Je lui demandai s’ils étaient pires que leurs voisins.

– Que non pas, dit-il. Et c’est le plus triste de l’histoire. Car si Colin Roy réussit à faire exécuter sa volonté en Appin, il lui faut tout recommencer dans le pays voisin, que nous appelons Mamore, et qui appartient aux Camerons. Il est agent du roi pour les deux, et dans les deux il devra expulser les tenanciers ; et, à vous parler franchement, monsieur Balfour, je suis persuadé que s’il échappe aux uns, il recevra la mort chez les autres.

Nous continuâmes de la sorte à causer et à cheminer la plus grande partie du jour. Enfin, M. Henderland, après m’avoir dit tout le plaisir qu’il prenait à ma société, et sa joie d’avoir rencontré un ami de M. Campbell (« que je me permettrai, ajouta-t-il, d’appeler : ce doux chantre de notre Sion covenantaire »), me proposa d’abréger mon étape, et de passer la nuit sous son toit, un peu au-delà de Kingairloch. À vrai dire, cette offre me combla de joie, car je n’avais pas grand goût pour Jean de la Claymore, et depuis ma double mésaventure, d’abord avec le guide, et puis avec le patron gentleman, j’appréhendais un peu la rencontre de nouveaux Highlanders. Je me hâtai donc d’accepter, et arrivai dans l’après-dînée à une petite maison isolée sur la rive du Linnhe Loch. Le soleil avait déjà quitté le flanc dénudé des montagnes d’Ardgour, mais brillait encore sur celles d’Appin ; le loch était paisible comme un lac, à part les mouettes qui piaillaient alentour de ses bords ; et tout le paysage avait un aspect étrangement solennel.

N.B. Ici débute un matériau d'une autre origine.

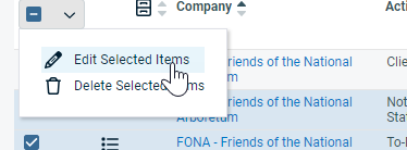 - En las tablas de tareas y notas con menú contextual, seleccione varias tareas o notas (marcando las casillas de la izquierda) y, a continuación, haga clic en el icono desplegable de la columna de selección y seleccione Editar elementos seleccionados.
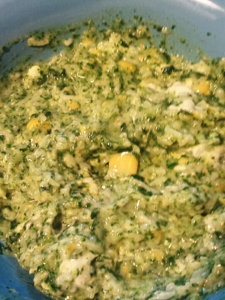 V rahlo osoljeni vodi skuhamo špagete in jim dodamo še špinačo. Kuhamo 15 minut in vse skupaj precedimo. Dodamo koruzo in zmešamo s paličnim mešalnikom. Na koncu dodamo še topljeni sirček in kosilo je gotovo.
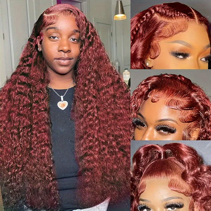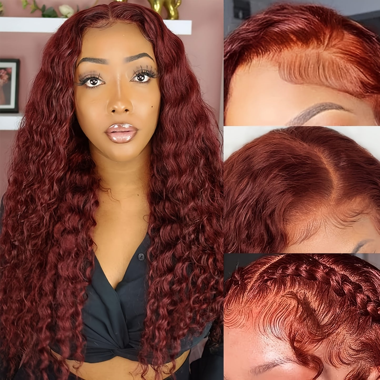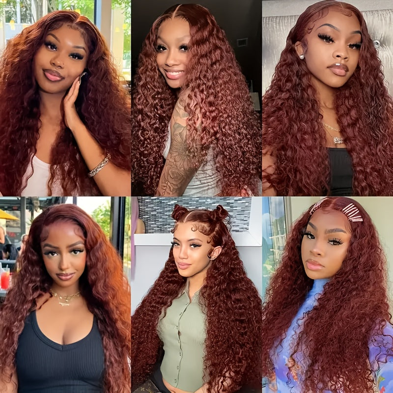 180% Density #33 Color Reddish Brown Lace Front Wigs Human Hair 13x6 Red Copper Colored Glueless Deep Wave Frontal Wig For Women Pre Plucked Curly Wig Human Hair With Baby Hair
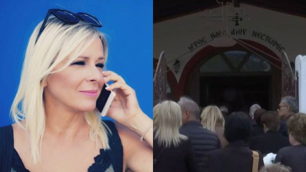 Τραγικές φιγούρες είναι η κόρη της, τα αδέρφια της Γιώργος και Δέσποινα και η μητέρα της που στέκονται δίπλα στη σορό και δέχονται τα συλληπητήρια των οικείων τους που παρευρέθηκαν στην εκκλησία για να συνοδεύσουν τη δημοσιογράφο στην τελευταία της κατοικία στο Κοκκινοχώρι Καβάλας, από όπου καταγόταν.
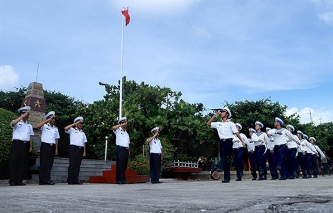 | Une cérémonie pour saluer le drapeau sur l’île de Truong Sa Dông de l’archipel vietnamien de Truong Sa. |
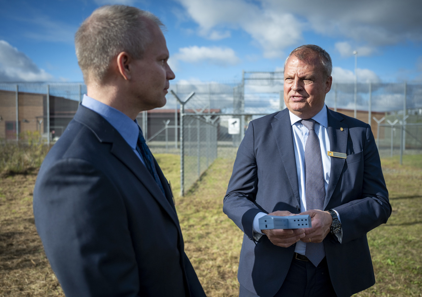 Anders Jansson, kriminalvårdschef i Ystad, och Martin Holmgren, generaldirektör för Kriminalvården, med en modell för den fängelsebyggnad som byggas utanför kvinnofängelset och häktet i Ystad. Foto: Johan Nilsson/TT
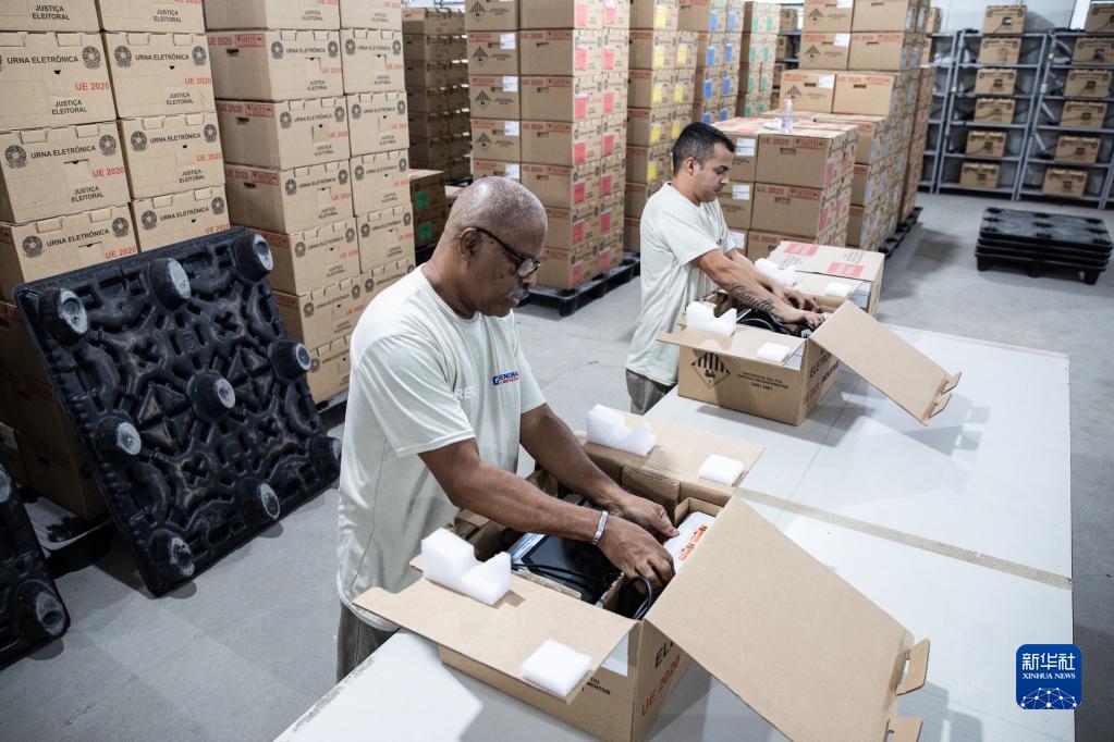 9月21日,在巴西里約熱內盧,工作人員參與大選電子投票箱的密封工作。
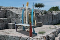 Sculture che l’autore definisce “sedute” per evocare quella posizione di riposo che per secoli ha favorito la trasmissione orale della tradizione.
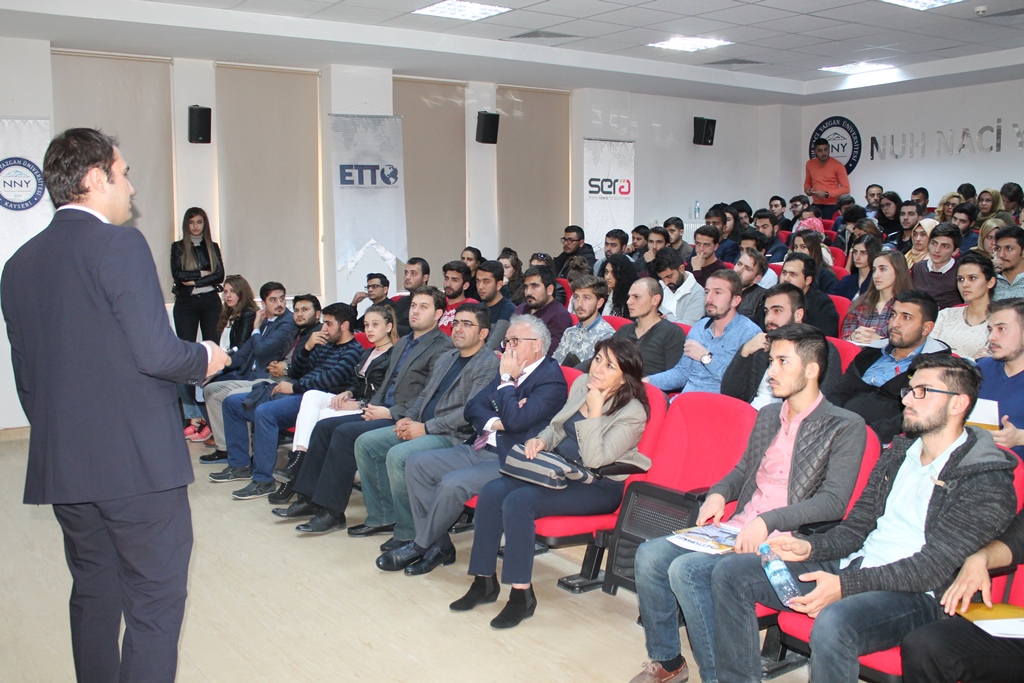 Üniversitemiz Mühendislik Fakültesi Konferans Salonunda, Erciyes Teknopark, ETTO ve SERA Kuluçka Merkezi'nin hizmetleri anlatıldı.
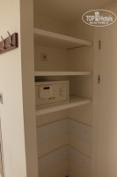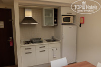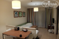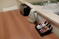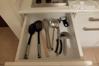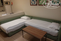 Номера в этом отеле – двухкомнатные сьюты с кухонным уголком. Первая комната просторная, в ней два дивана, низкий журнальный столик, телевизор, под ним тумба. Треть комнаты у входа занимает кухонный уголок, отделённый стойкой. На кухне – среднего размера стол с тремя стульями, большой холодильник (в нём кола, фанта и вода по одной бутылке), над ним микроволновка, раковина, плита. В кухонных шкафчиках посуда – по четыре предмета тарелок, чашек, стаканов, бокалов, ложек-вилок и всякая мелочёвка для готовки типа половника, лопаток и т.д., пара кастрюль, сковородка. Были также чайник, тостер и набор чаёв и кофе. В принципе, можно полноценно готовить еду, у нас было всё включено, практически ничего из посуды не использовали.
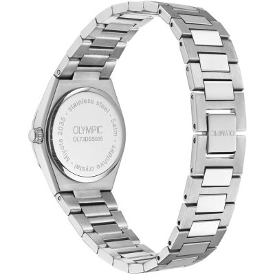 This Olympic watch has a case made of Steel silver with a diameter of 29 mm and is fitted with a Steel silver strap. Inside the case lies a Miyota movement and the watch features a Sapphire crystal.
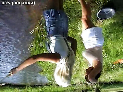 demi-soeur excitée en culotte de satin suce goulûment une bite et baise en levrette au bord du lac - couple amateur sexe en plein air
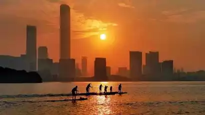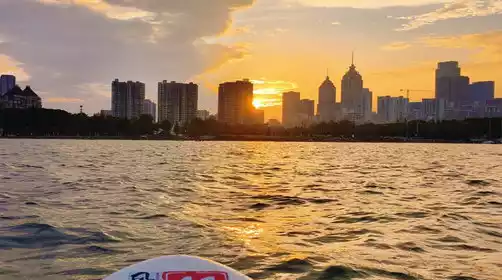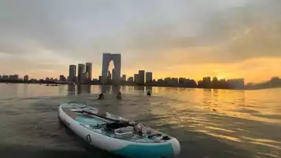Surrounded by skyscrapers and under the gaze of the Oriental Gate, you slice through the clear blue waters. The freely flowing water beneath your feet, the stunning skyline before your eyes—this is the "urban surfing" that is unique to Jinji Lake!
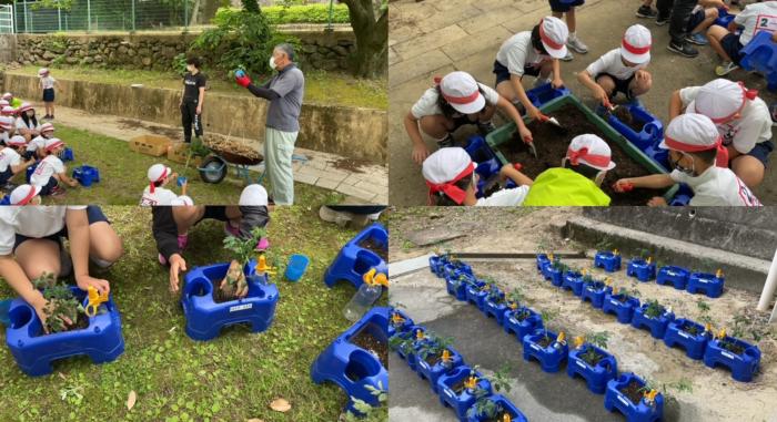 大きく育ってね! 2年生の生活科で育てるミニトマトを、学校管理員の石田さんにお手伝いいただきながら、自分たちの鉢に植えました。これから水やりなどの世話をし、生…
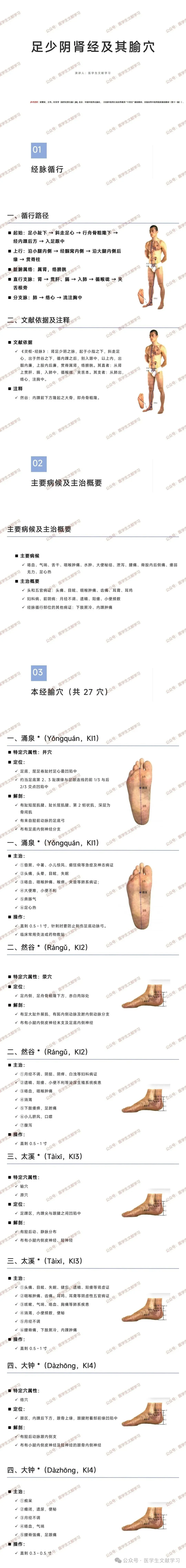 足少阴肾经以 “补肾益精、调理水液、通络止痛” 为核心功效,重点腧穴(涌泉、太溪、照海等)广泛应用于肾虚及相关脏腑病证。针刺时需注意穴位解剖位置,避免损伤血管、内脏,胸腹部位穴不可深刺,下肢部穴可适当深刺以增强疗效,临床常结合灸法或药物敷贴提升调理效果。
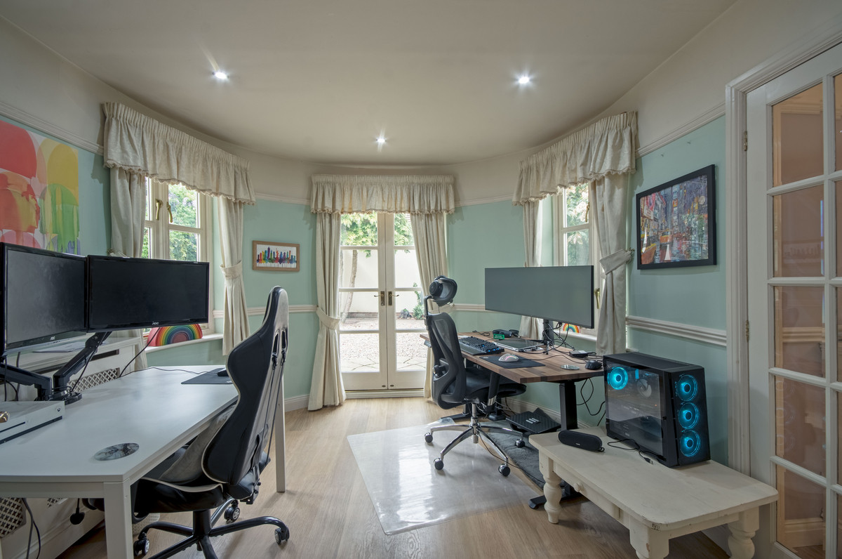 The generous sitting room spans the full depth of the property, enjoying a dual aspect view and features oak effect laminate flooring, a central, focal point gas fire place and French doors out to the rear garden. Double doors from the sitting room also grant access to a lovely versatile room to the rear of the property, currently used as an office space, boasting a triple aspect view over the rear garden.
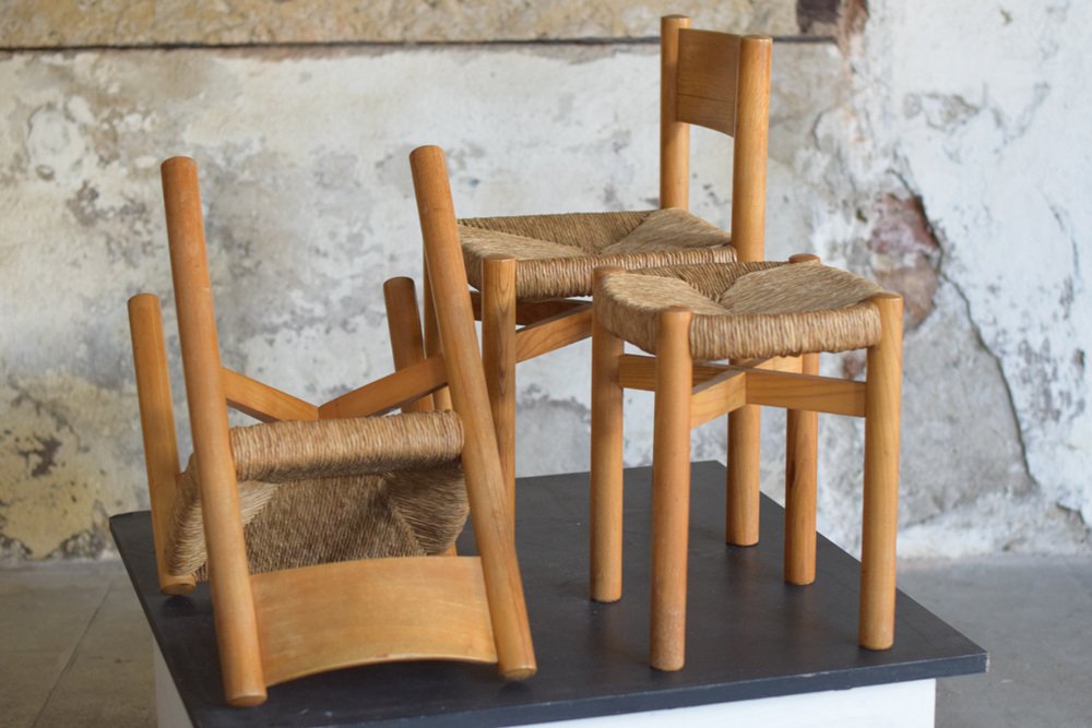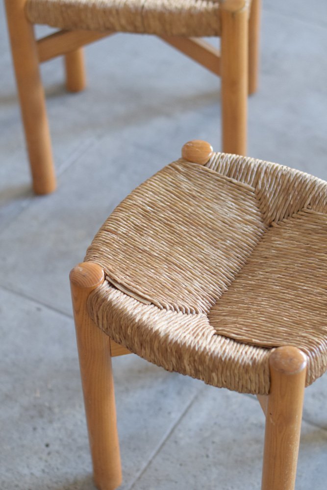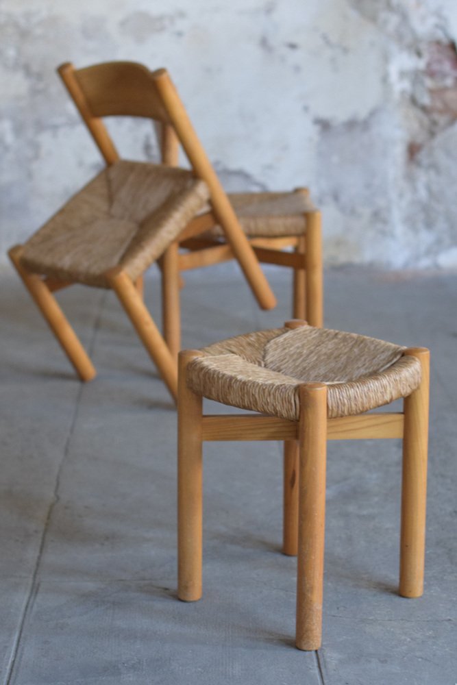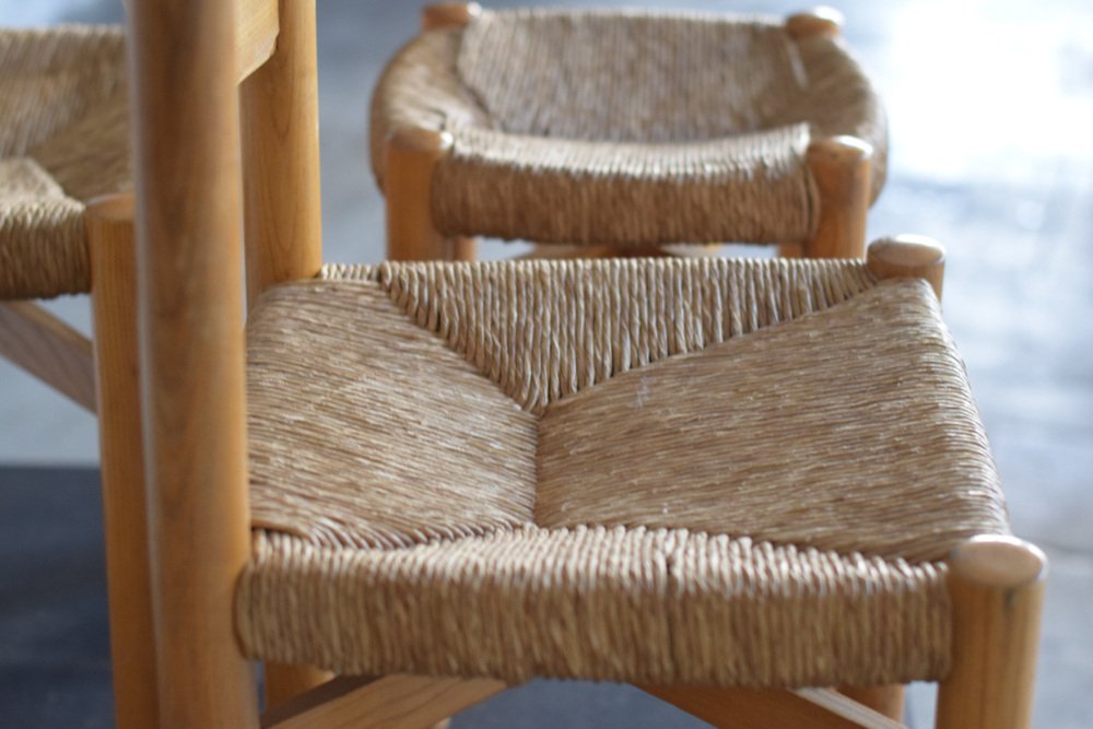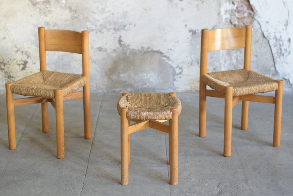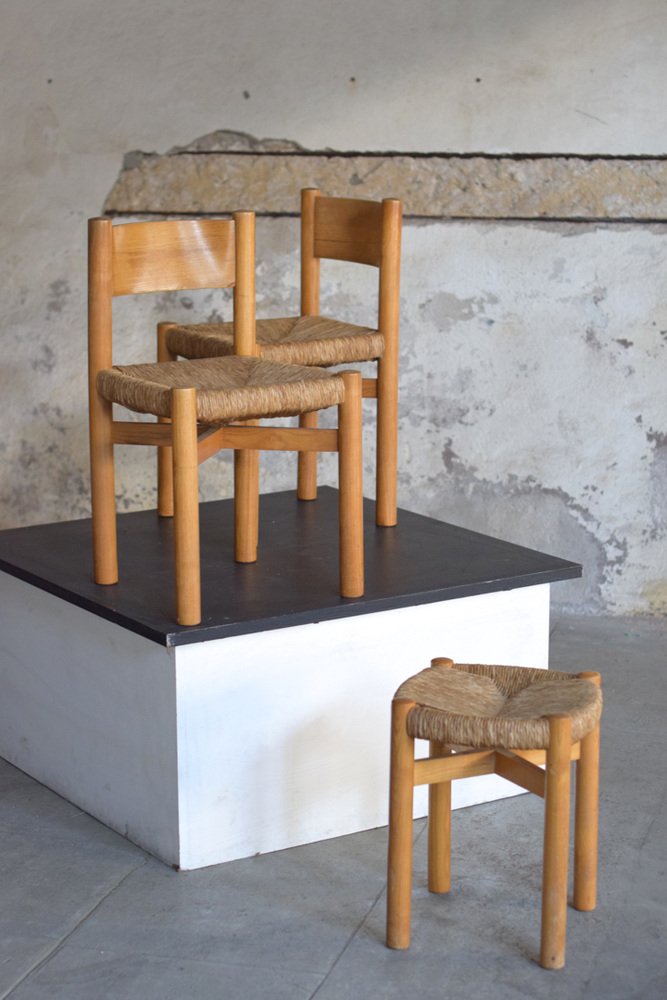 Sillas y taburete Meribel de Charlotte Perriand, años 60. Juego de 3
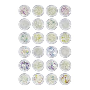 Contém: 24 - Glitter para Decoração de Unhas e Maquiagem Artística na Cor Branca Furta Cor Kit composto por 24 potinhos individuais, cada um preenchido com glitter em tons de branco e furta-cor, contendo glitter em variados tamanhos e formatos: flocos finos, médios e grandes, em formatos como hexágonos e círculos. Ideal para decoração de unhas, o glitter pode ser aplicado em unhas naturais, de gel, acrílicas e encapsuladas. Também pode ser em maquiagens artísticas, sendo perfeito para criar efeitos brilhantes e sofisticados em makes para festas, performances ou eventos temáticos. Compactos e organizados em potinhos com tampas de rosca que evitam o desperdício. Características Principais: - 24 potes de glitter; - Flocos finos, médios e grandes, em diferentes formatos; - Pode ser tanto em unhas naturais quanto artificiais; - Adequado para nail art e maquiagem artística; - Potes com tampas de rosca que evitam desperdício; - Tons vibrantes e variados; - Visual sofisticado e elegante. Boas Compras ; Marca: Não Informado Ean: 7908639610962
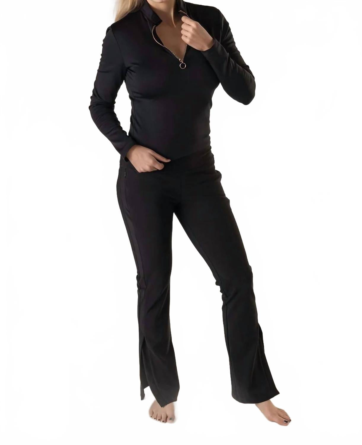 Стильная и функциональная модель с длинными рукавами и воротником-стойкой. Изготовлена из высококачественной смеси 45% полиэстера, 40% хлопка и 15% эластана. Эластичность на 360 градусов обеспечивает свободу движений. Сделано в США из итальянской ткани. Застежка-молния цвета розового золота идеально подходит для многослойной одежды во время осенних занятий спортом. Рекомендации по уходу: машинная стирка в теплой воде и сушка на горизонтальной поверхности, что обеспечивает легкость ухода.

Nous ne fûmes pas plutôt arrivés à la porte de sa demeure, que M. Henderland, à ma grande surprise (car j’étais alors accoutumé à la politesse des Highlanders), me dépassa brutalement, se précipita dans la maison, saisit un pot et une petite cuiller de corne, et se mit à fourrer de la prise dans son nez en quantité démesurée. Puis il éternua copieusement, et me regarda avec un sourire un peu niais.

– C’est un vœu que j’ai fait, dit-il. Je me suis promis de n’en jamais avoir sur moi. Sans doute la privation est grande ; mais quand je songe aux martyrs, non seulement du Covenant écossais, mais des autres lieux de la chrétienté, je rougis de ma mortification.

Quand nous eûmes mangé (et le porridge avec du lait battu formaient toute la nourriture du bonhomme), il prit un air grave et me dit qu’il avait à remplir son devoir envers M. Campbell, c’est-à-dire s’enquérir de l’état de mon âme devant Dieu. Je le trouvais un tantinet ridicule ; mais il n’avait pas encore parlé depuis longtemps que mes yeux se mouillèrent de larmes. Il y a deux choses dont on ne se lasse jamais, la bonté et l’humilité ; nous n’en découvrons guère dans ce monde si dur, chez les gens froids et arrogants ; mais M. Henderland avait sur les lèvres leur langage authentique. Et malgré la fatuité que m’inspiraient mes aventures, dont je m’étais tiré, comme on dit, tambour battant, il m’eut vite fait tomber à genoux auprès d’un simple et pauvre vieillard, à notre commune satisfaction.

Avant d’aller nous mettre au lit, il m’offrit, en guise de viatique, six pence, pris à une réserve minime qu’il gardait dans le mur de torchis de sa maison. Je restai interdit devant cet excès de bonté. Mais il me pressa tellement que je crus plus convenable d’accepter, et je le laissai en conséquence plus pauvre que moi.